Another method I’ve found effective is living in constant, sleep-deprieved fear.  Every night I perform the tiresome but necessary ritual of pulling the covers back and staring intently at where I’m about to sleep.  Fun fact, if Jon is already asleep when I do this, it invariably wakes him up.  He rolls over to see me staring intently at nothing and gets a little freaked out.  Then I run my hands briskly over the bedding several times, because that both brings bedbugs to the surface of my bedding and kills them instantly.  Brisk hands are their napalm.  Then I cautiously, fearfully crawl into bed and spend the night scratching psychosomatic itches and getting up to do a good stare every two hours.

Finally, I imagine the worst case scenario constantly.  Since childhood I’ve found that conceiving a devastating, finely detailed worst case scenario prevents it from actually happening.  I was never once abducted and sold into child slavery.  No wild animals ever escaped the zoo, broke into our house and ate my parents.  I never soiled myself at a Christmas and/or band concert.  So I’m really hoping I don’t roll over one day to find a bedbug colony forming civilization in my sheets, with a little town hall and a Starbucks.
It’s the invasion of it all that gets to me.  The fact that they’re bedbugs.  They’re not called kitchen crawlers or foyer hasslers, they’re bedbugs.  Call me old-fashioned, but I really like to know who’s in my bed before I get into it.  And if they ever were to infest our building, our apartment, our bed, I would just feel so filthy.  Like one of those people who wears too much cologne in lieu of taking a shower, or eats over the tub so they don’t have to wash dishes.  I know rationally that an infestation like this is the result of proximity, not conditions.  Too many old buildings, too many people to fill the streets with deet.  Bedbugs were rumoured to have even hit one of the theaters for TIFF, the upcoming Toronto International Film Festival.  The venue was apparently thoroughly inspected, with no infestation reported, but I can’t help but worry that this will keep Woody Allen from showing up to the premiere of his own movie on Sunday (I tried for two hours to get tickets online on a crashed server before being told it was sold out, so I have to spend my Sunday in the rush line hoping to catch a glimpse of at least Soon Yi and score a ticket).  It makes me think of that scene in Annie Hall where Woody flies to Los Angeles because he’s being honoured on television and he gets a sudden attack of severe flu-like symptoms that mysterious disappear when Diane Keaton tells him somebody will fill in for him and he doesn’t have to show up.  I bet this report of alleged bedbugs has him in such a state that not even Scarlett Johansson can light a fire under his ass.

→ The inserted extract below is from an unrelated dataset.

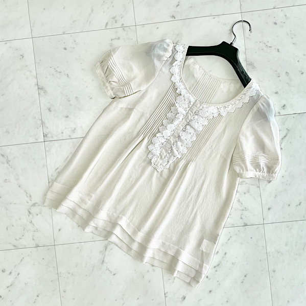 Tiara ティアラ ブラウス 半袖 ベージュ 白 ホワイト        ①

Historically, I spend the first few days of September fraught with worry.  Summer ends, school looms, and I can’t sleep.  I wondered if I would fit in with the other kids this year.  If I would be able to keep my grades up and successfully avoid doing anything in gym.  If I could face what would surely be another challenging year and come out smarter, stronger and better than before.  The worries are different this Labour Day weekend, but the anxiety level is the same.  But I guess I just have to stay diligent, optimistic and hope to God that nothing gets under my skin.